I write from an applied position. At Pisama, I build failure detection and calibration infrastructure for multi-agent LLM systems. A failure detector combined with an LLM judge and a calibration pipeline is structurally similar to the grader half of an RL environment: it maps trajectories to verdicts, and downstream systems treat those verdicts as operational truth. I have not shipped training environments to a frontier lab. The observations below come from verifier calibration in production systems, then are connected to current evidence on reward hacking and environment markets.
Environment supply is scaling faster than measurement discipline
The investment case for RL environments is now familiar. If agents improve by practicing tasks and receiving feedback, the actors with the most realistic and diverse practice environments should influence the capability frontier. Mechanize argued in June 2025 that replication training could play for RL a role analogous to internet-scale text for language modeling. Wing VC framed the next four years as a race for the training and verification layer. The market has begun to price this view.
Epoch AI’s interview-based survey, based on eighteen practitioners in January 2026, reports environment contracts at seven figures per quarter or more. UI replicas of websites were estimated around $20,000 each, complex product clones around $300,000, and individual tasks between $200 and $2,000. Fleet, which sells simulated replicas of enterprise software, grew from $1 million to a reported $60 million in annualized revenue and was in talks to raise at a $750 million valuation. Mercor raised $350 million at a $10 billion valuation as it expands from expert labor into reinforcement learning infrastructure. Scale AI says that nearly half of its new data projects now involve RL environments.

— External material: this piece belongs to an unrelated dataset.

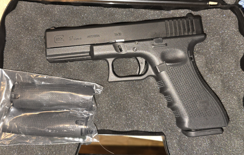 Hallo, biete hier eine Glock 17 Gen 4, 6mmBB, Gas an, in schwarz. Die waffe hat Blowback, hat keine gebrauchspuren, waffe ist aus Metall mit Polymer Body, sie ist dicht und hat ein F zeichen. Mit dabei ein Waffenkoffer und wechselgriffrücken. Was aussieht wie Flecken auf der waffe sind nur Öl Spuren von der Pflege. Waffe ist nur probe geschossen, zwecks funktion und Dichtigkeit.
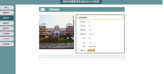 学生在请假信息页面可以查看请假标题、是否出校、离开本地、请假图片、请假原因、请假文件、请假日期、学号、姓名、手机等信息,并可以根据需要进行点击下载操作。程序效果图如下图5-14所示:

The headline numbers should be read carefully. Reports that Anthropic considered investing more than $1 billion in environments over the next year are reports of discussion, not booked spend. Wing’s estimate of Anthropic’s actual 2025 environment spend is on the order of tens of millions annually, with aggregate lab spend increasing three- to fivefold into 2026. This distinction matters because discussed spend and booked spend measure different things: one captures strategic appetite, the other operational absorption capacity.
The more important asymmetry is technical. Environment supply can be scaled through vendor networks, task templates, standardized sandboxes, and expert labor marketplaces. Measurement validity is harder to scale, because each grader has to survive distribution shift, class imbalance, judge drift, reward hacking, and ambiguous task doctrine. The market is building many more environments than it can currently certify as reliable sources of reward.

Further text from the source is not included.